• _PROBLEM TO SOLVE_
Your response should contain exactly the lines running from the one with "Shirodhara – a" to the end of the data below, both included, and no pictures.

[Stored items]

=======

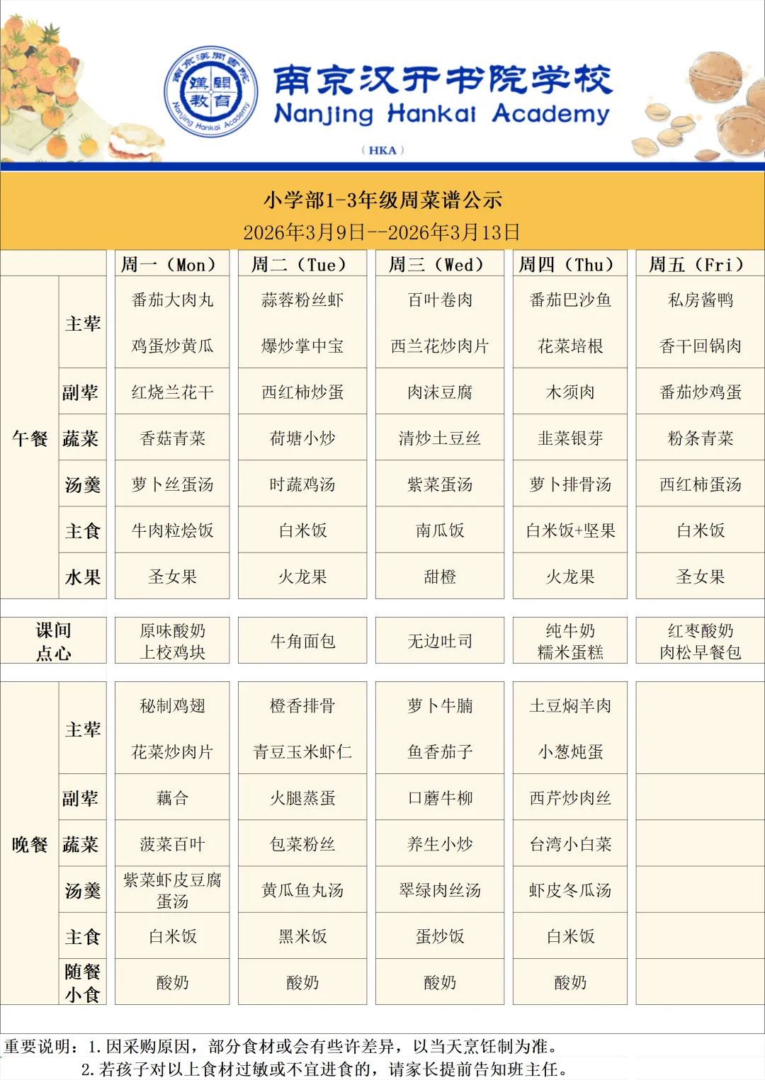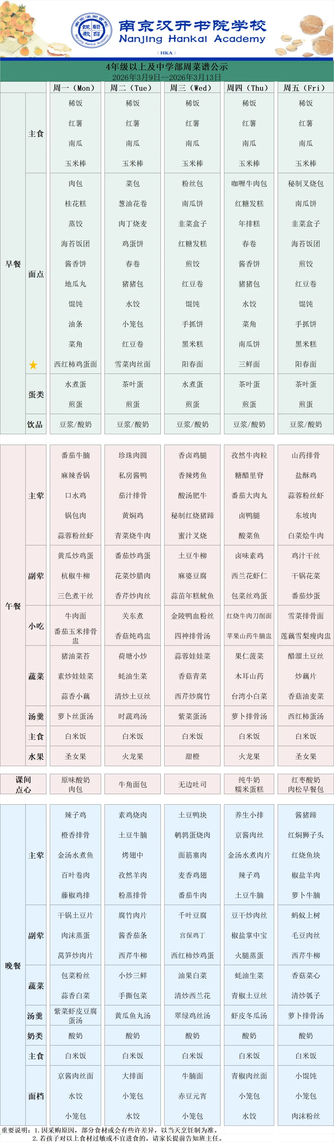 【Hi,开开!】南京汉开书院高中部周菜谱(3.9-3.13)
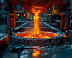 Molten metal cascades into crucible in industrial foundry. Liquid gold glows with intense heat, showing viscous flow of metal during manufacturing. Close-up detail captures power, energy of
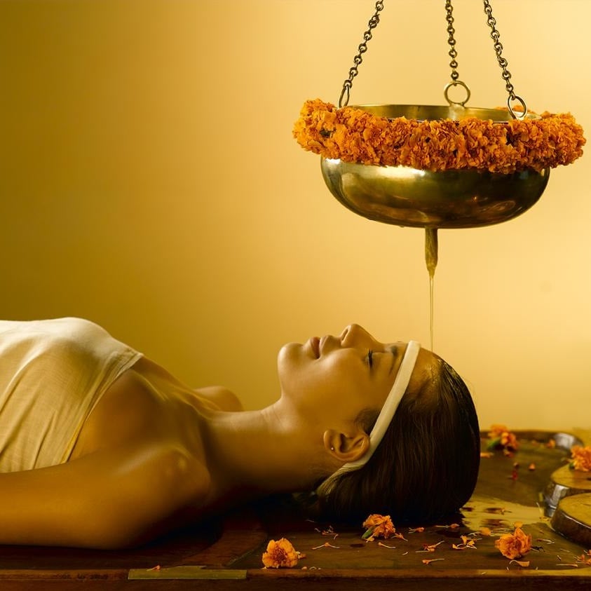 Shirodhara – a stream of oil is poured over forehead to increase mental calmness and to relieve anxiety
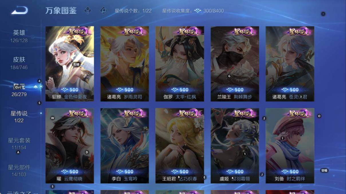 虞姬凯尔特女王,白起狰,芈月重明,典韦穷奇,狂铁御狮,米莱狄御霄,牛魔御旌,夏侯惇朔风刀,明世隐疑决卦,老夫子醍醐杖,鬼谷子原初探秘者,狄仁杰万华元夜,程咬金演武夺筹,钟馗驱傩正仪,苏烈千军破阵,吕布猎兽之王,嬴政白昼王子,女娲朔望之晖,马可波罗暗影游猎,元歌云间偶戏,弈星混沌棋,达摩沙漠行僧,兰陵王金庭之子,李元芳云中旅人,桑启海盐诗旅,裴擒虎擒涛扼浪,鲁班大师探海日志,张良古海寻踪
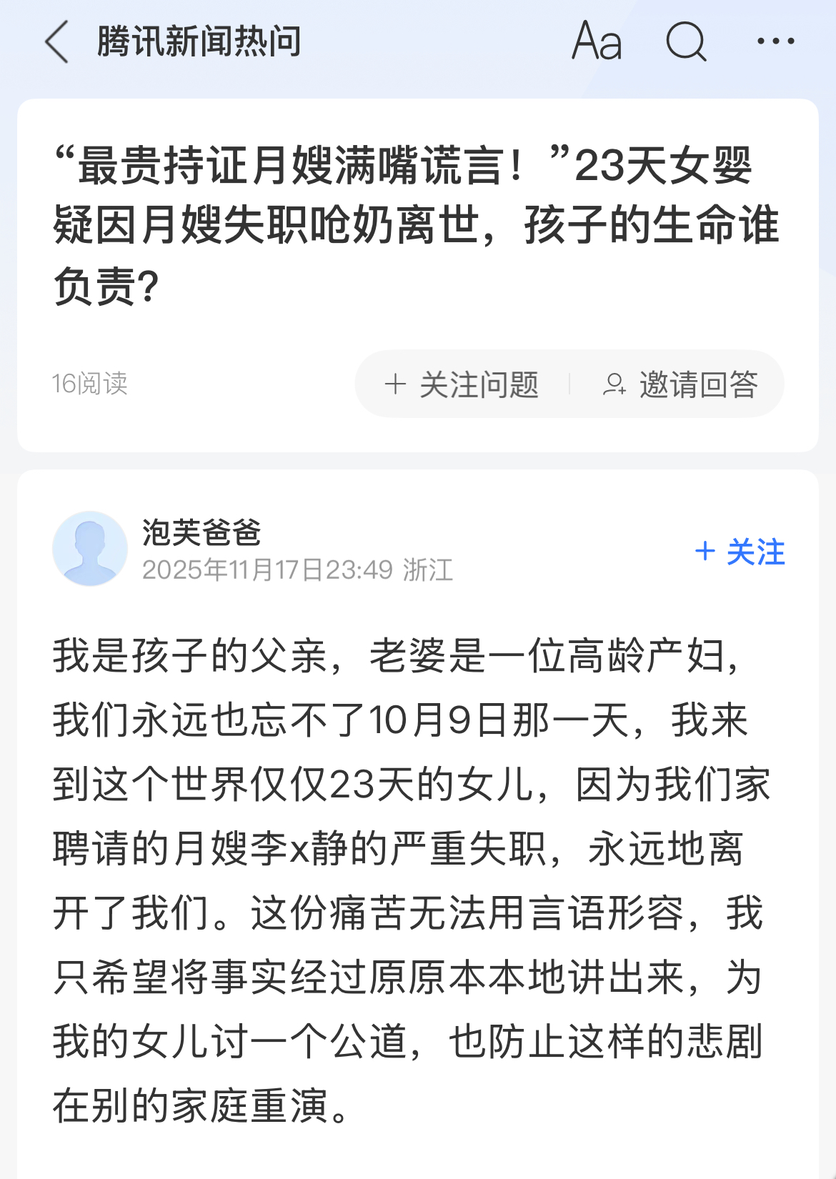 近日,杭州市的奉先生腾讯新闻热问上发声,称自己出生仅23天的女儿因为月嫂的严重失职不幸去世。奉先生认为,月嫂错误的喂奶方式、宝宝呛奶后未能及时处置甚至隐瞒呛奶情况,导致宝宝最终窒息死亡。

=======

• _FINISHED EXERCISE_
 Shirodhara – a stream of oil is poured over forehead to increase mental calmness and to relieve anxiety
 虞姬凯尔特女王,白起狰,芈月重明,典韦穷奇,狂铁御狮,米莱狄御霄,牛魔御旌,夏侯惇朔风刀,明世隐疑决卦,老夫子醍醐杖,鬼谷子原初探秘者,狄仁杰万华元夜,程咬金演武夺筹,钟馗驱傩正仪,苏烈千军破阵,吕布猎兽之王,嬴政白昼王子,女娲朔望之晖,马可波罗暗影游猎,元歌云间偶戏,弈星混沌棋,达摩沙漠行僧,兰陵王金庭之子,李元芳云中旅人,桑启海盐诗旅,裴擒虎擒涛扼浪,鲁班大师探海日志,张良古海寻踪
 近日,杭州市的奉先生腾讯新闻热问上发声,称自己出生仅23天的女儿因为月嫂的严重失职不幸去世。奉先生认为,月嫂错误的喂奶方式、宝宝呛奶后未能及时处置甚至隐瞒呛奶情况,导致宝宝最终窒息死亡。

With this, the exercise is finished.